I’m very happy that Hawaii was added to the ABA Area—more endangered birds live in that one state than in all the other states combined, and supporting conservation of Hawaiian birds is every American birder’s responsibility. But I couldn’t help but wonder what number my list would be at under the old rules. eBird provides all kinds of listing data for birders, and when I noticed they kept track of our “ABA Continental List,” I saw that mine was at 695. Oh, dear—I could feel that old urgency taking over again.
Russ and I go to Florida a lot because our son lives in Orlando, and we’ve spent a lot of time in the Everglades and some time in the Keys, but we shy away from driving anywhere near Miami, where quite a few exotic species are established and “countable.” I was still missing Burrowing Owl for my Florida list and a handful of native species for my life list, so a single birding tour of South Florida with a guide who knew the area well (and would do all the driving) could quite likely get my list up to 700.

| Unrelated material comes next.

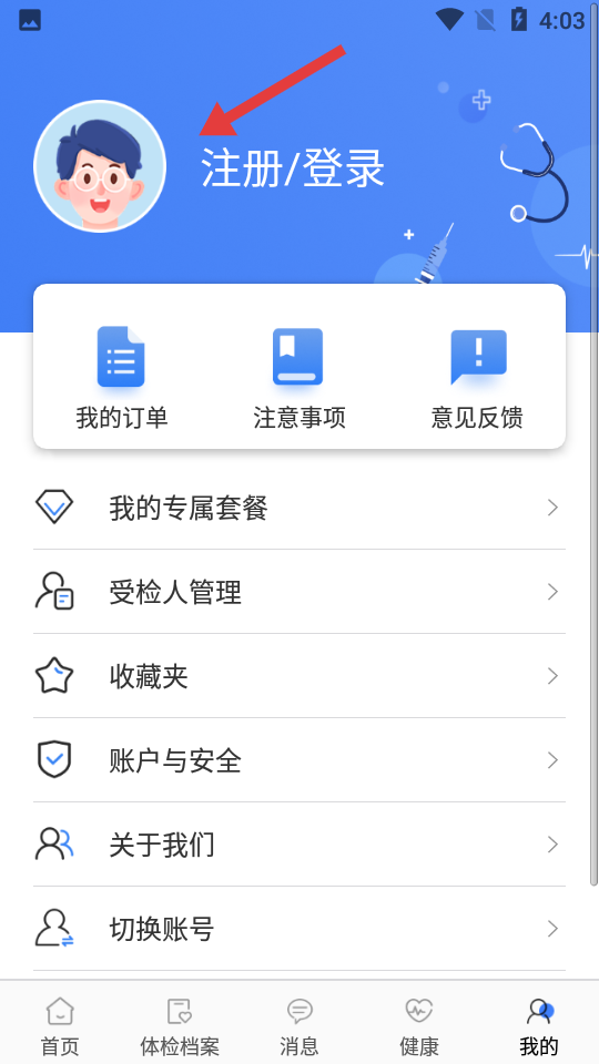 2、在个人页面点击【注册/登录】,进入登录选择界面。

So to South Florida I went in 2023. Even though most of my potential lifers were exotics, I hoped against hope that the milestone bird would be a native species. But on April 25, a Mitred Parakeet (native to South America) seen in the extremely unnatural habitat of the Biltmore Hotel golf course was the one. One woman in our group, Sara Bettencourt, was working on the exact same goal, and oddly enough, she hit 700 with the same bird at the same moment that I did!
Fortunately, that was not the last lifer of the trip because just a few months later, the American Ornithological Society lumped two species on my list—the Cordilleran and Pacific-slope Flycatchers—into a single species, the Western Flycatcher, bumping Mitred Parakeet down to #699 and making the Smooth-billed Ani #700.

As of this moment, eBird is saying my ABA Continental List is 704. The added four are a flamingo on October 11, 2023 with Russ and our son, who was the one who picked it out; a Fieldfare in Ashland, Wisconsin on February 21, 2024; and Red Junglefowl and Orange-winged Amazon in Florida last April. (Chickens have been established in Key West for decades but had just become “countable.”) I don’t like those two being at the top of my list because, like the Mitred Parakeet, they’re both introduced rather than native.
According to eBird, my World Life List is at 2,211. Since I reached 1,000 a quarter century ago, I haven’t paid much attention to that number, so I really think I’m done with numbers. I know I’ve said that before, but really, of all those 2,211 species I’ve seen, the single most important was #1, the Black-capped Chickadee who got the ball rolling on March 2, 1975 in Baker Woodlot at Michigan State. So when Russ and I went back there on March 2, 2025 for my 50th anniversary of birding, we really did bring my listing—well, my keeping track of the numbers—full circle.
Just realizing how much fun your adventures with birds was also fun for your family!!